Later on, he does it again
But one of the things, even if you end up taxing it, as have been many of the proposals, the idea that this underground market is necessarily going to go away is ridiculous. The profits they’re making are so big, they’ll lower their price to match—it’s worth it for them to lower their price to match or even go slightly below the government
The argument is not that the underground market will go away entirely, but it certainly is going to be radically diminished, and that’s a huge, huge benefit. But Sabet throws in the Perfect Solution Fallacy to avoid getting in a balancing the costs discussion.
There’s more…
The idea that we’re going to be able to legalize drugs and solve Mexico’s problem right now—which is, I would say we both agree, a huge issue—the idea that that’s going to happen under legalization is totally, again, missing the point. It’s simplistic in that it doesn’t get to the core issues of corruption and the core issues of what’s happening in Mexico.
Or his answer to serious questions about heroin maintenance programs and inner city problems…
I think we can do better than giving heroin to people in controlled settings and assume that their misery’s going to go away in a place like Baltimore.

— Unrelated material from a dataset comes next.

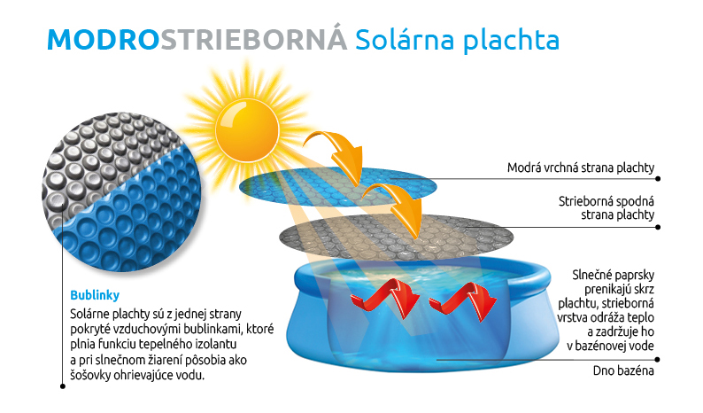 V súlade s prírodouSolárna plachta dokáže pôsobením slnečných lúčov ľahko prehriať vodu pod hladinou. Bublinky fungujú ako šošovky, a tak pri slnečnom žiarení zvyšujú celkovú teplotu vody. |
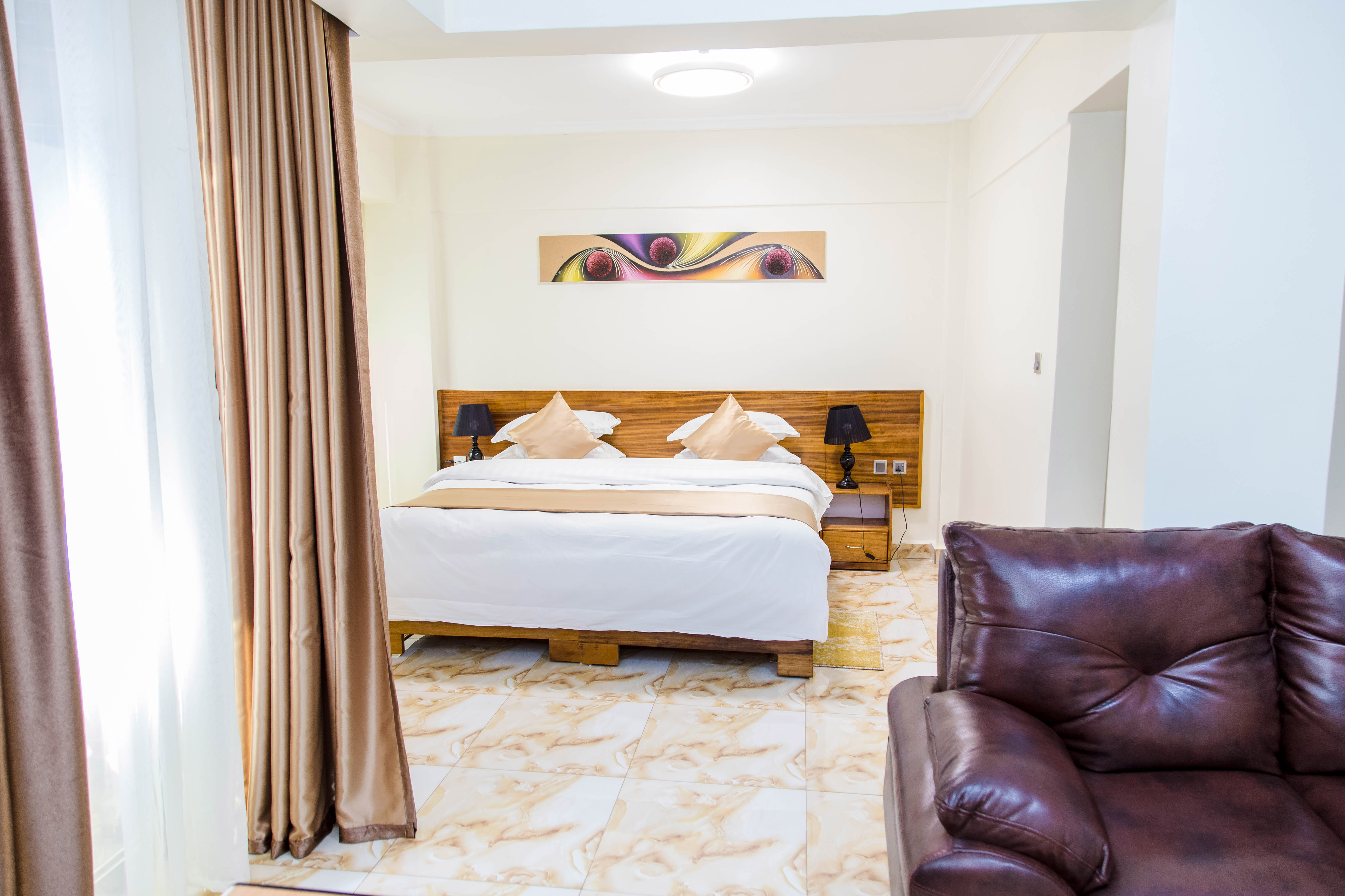 Mountain View Apartments is located in Gisozi, Kigali , RWANDA. We propose you to live in a magnificent complex composed of 7 different apartments, from 3 to 1 bedrooms and hotel with 44 luxury rooms . Each apartments are fully equipped, with high standard furnitures, complete kitchen & African Art Decoration. You will love your stay with us !

He uses that several times more.
Unfortunately, Kevin’s use of these fallacies in arguments serves him well, because it often keeps the debate from getting to the real issues. I think Sean Dunagan actually should have avoided getting into the long discussion about numbers of use because that’s a distraction (I’m not blaming Sean, it would have been extremely hard not to get sucked into it) — it’s a distraction from the real balancing-the-costs issue and it ignores the fact that use is a rather meaningless factor when discussing harm.
Part 4 of the debate got into some interesting territory by bringing in Megan Sherman, who grew up on the streets of Baltimore, discussing the larger problem of policing in the inner city. Megan sees the destructive policing issue to be the important one to be solved prior to discussing legalization, but I think she fails to understand the degree to which drug policy allows and encourages bad policing practice.
One minor point from earlier in the debate. I got a real chuckle out of Kevin’s attempt to paint RAND as a completely independent source with “nothing to do with government.”
First of all, the RAND Corporation, which is a nonprofit, independent organization that has nothing to do with government, did a major study on the impact of legalization and what would happen in California when they were going for legalization of marijuana, and found that there would be a significant increase in use because of prices would fall. So, I mean, economics 101, drug policy 101: drug prices under legalization fall and use goes up. Youth are especially sensitive to price. So that—you know, and they who do not have a stake in the political or policy game said that that would happen.
Right. And the Heritage Foundation is bipartisan.